Дверь открыл сам хозяин. В коридоре было темновато, но хозяин все же мигом меня разглядел и узнал.
– А-а, заходи, рад тебя видеть, – приветствовал он меня. – Снимай пальто, проходи ко мне. ‹…›
И я вкратце излагаю ему суть дела. А в это время как раз по коридору проходила хозяйка, Мария Илларионовна, которую я тоже с трудом разглядел ‹…›.
– У нас дома деньги есть? – спрашивает Твардовский у жены.
– Да. Сколько тебе нужно? – отвечает ему Мария Илларионовна.
– Рублей пятьсот найдется?
– Найдется.
– Тащи их сюда.
Мария Илларионовна пошла за деньгами.
– Саша, – говорю я ему, – я тебе их верну при первой же возможности.
– А я тебе при первой же возможности в ухо дам, – ответил он мне. – Бери и молчи. А если обедняю, обращусь.

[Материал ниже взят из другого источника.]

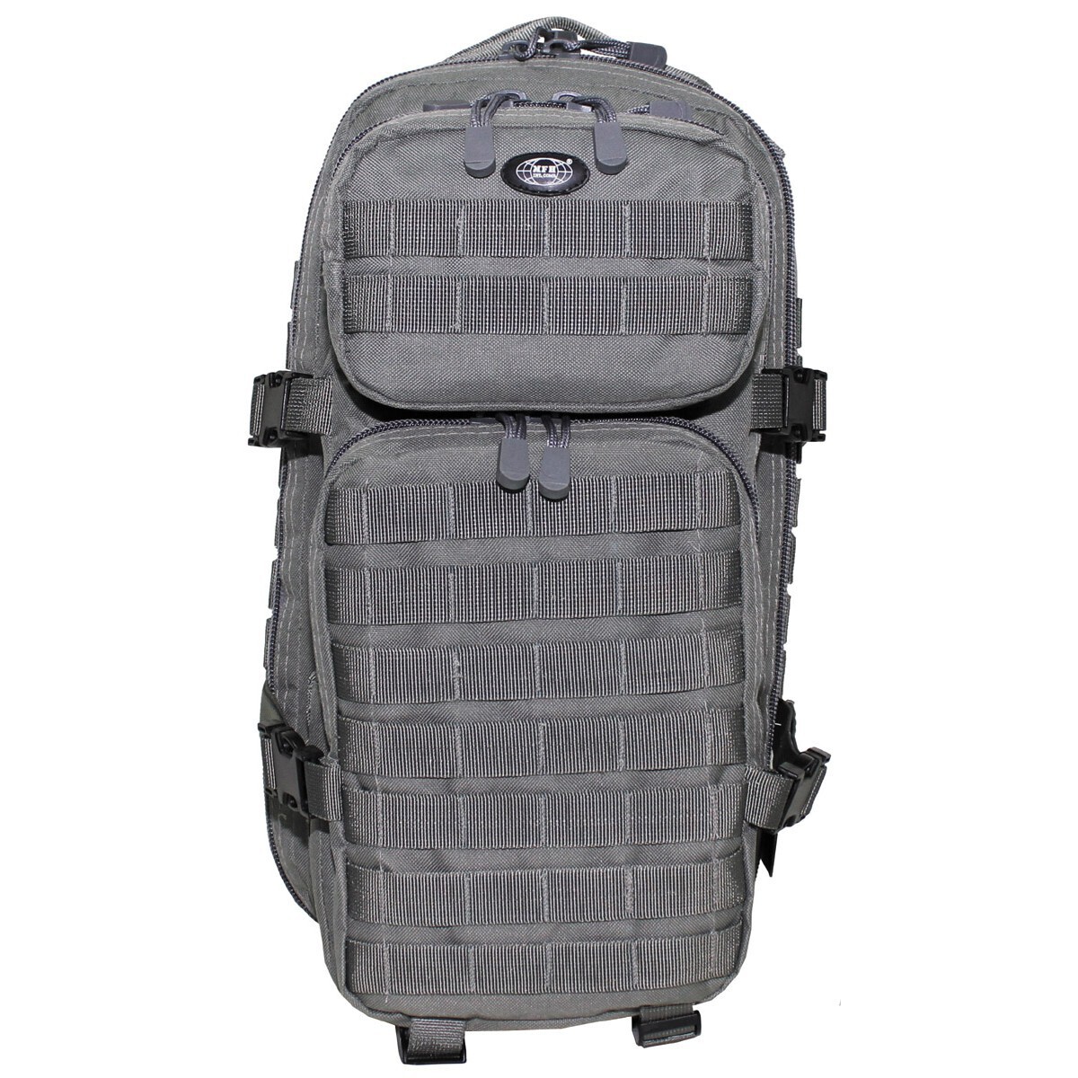Verstelbare gewatteerde banden met metalen D-ringen Verstelbare afneembare heupgordel gewatteerd ruggedeelte met een groot insteekvak met klittenband voor hydratatie-padding gemaakt van ademende mesh-stof 1handgreep aan de bovenzijde 1 groot hoofdcompartiment met 2-way RV, 1 kleine tas met ritssluiting en 1 groot gaasvak 1 klein hoofdvak met inschuifvak en 2 aangehechte mesh-vakken 1 klein voorvak met 2- wegritssluiting 1 groot voorvak met 2-wegritssluiting, 1 inschuifvak en 4 penhouders , elk 2 compressieriemen aan de zijkanten en daaronder diverse Molle- lussen aan de voor- en zijkant Capaciteit: ca. 30 l Afmetingen: ca. 23 x 44 x 24 cm (B x H x D) Gewicht: ca. 1,2 kg Materiaal: 100% polyester

И он вручил мне пачку кредиток, которую принесла ему Мария Илларионовна». [2; 89–90]
Мустай Карим (1919–2005),
«При следующей встрече я в самом благодарном позыве хотел ему вернуть долг. Он остановил меня, сказав: „Как же нам с вами быть? Не возьму – вас обижу, возьму – себя обижу. Да к тому же была реформа, они в десять раз подешевели…“ – „Подешевели те, а не эти“, – возразил я, но больше не настаивал. Наверное, ему так надо было. Позже, когда он меня узнал ближе, я как-то шутя вспомнил о своей задолженности, за что он пригрозил мне: „Я вас могу в долговую яму загнать…“ – „А две реформы?!“ – отпарировал я. „Реформы проходят, долги остаются, – вдруг серьезно заключил он. – Они не списываются“». [2; 534]
Наталия Павловна Бианки:
«Получив от Твардовского задание устроить ужин в ресторане, мы с Кондратовичем отправились в „Прагу“. Пятидесятилетие – дата нешуточная. С метрдотелем долго обсуждали меню. Хотелось заказать еду повкуснее и при этом не тратить очень большую сумму, хотя денег у нас было предостаточно. Когда часть денег я вернула, Твардовский, очень огорченный, сказал:
– Я же просил не экономить…» [1; 35]
Вячеслав Максимович Шугаев:
Маргарита Иосифовна Алигер:
«Охотно помогая людям во всем, в чем мог, он люто ненавидел заниматься тем, что было сопряжено с хождением по инстанциям, с бюрократической возней. Мы с Казакевичем решили помочь одной старой писательнице, несчастной женщине, помешавшейся на гибели сына, которой она не могла и не хотела поверить, все дожидаясь его возвращения с войны. Тут уж ничего нельзя было поделать, но ко всему она жила в ужасных условиях, и прежде всего следовало помочь ей с жильем. Проще всего было построить кооперативную квартиру, и такая возможность представлялась, но нужны были деньги. Мы решили собрать их. Люди охотно откликнулись на нашу просьбу. Пришла я и к Твардовскому. Начала излагать ему суть дела и увидела, как он испугался, какие у него стали горестные и растерянные глаза. Решил, что я буду его просить обращаться в Моссовет. А когда узнал, что все сводится к деньгам, обрадовался и отвалил сумму вдвое большую, чем та, на какую я рассчитывала. Он был щедр, весело щедр, чувствовалось, что ему доставляет радость быть щедрым, иметь возможность быть щедрым». [2; 409]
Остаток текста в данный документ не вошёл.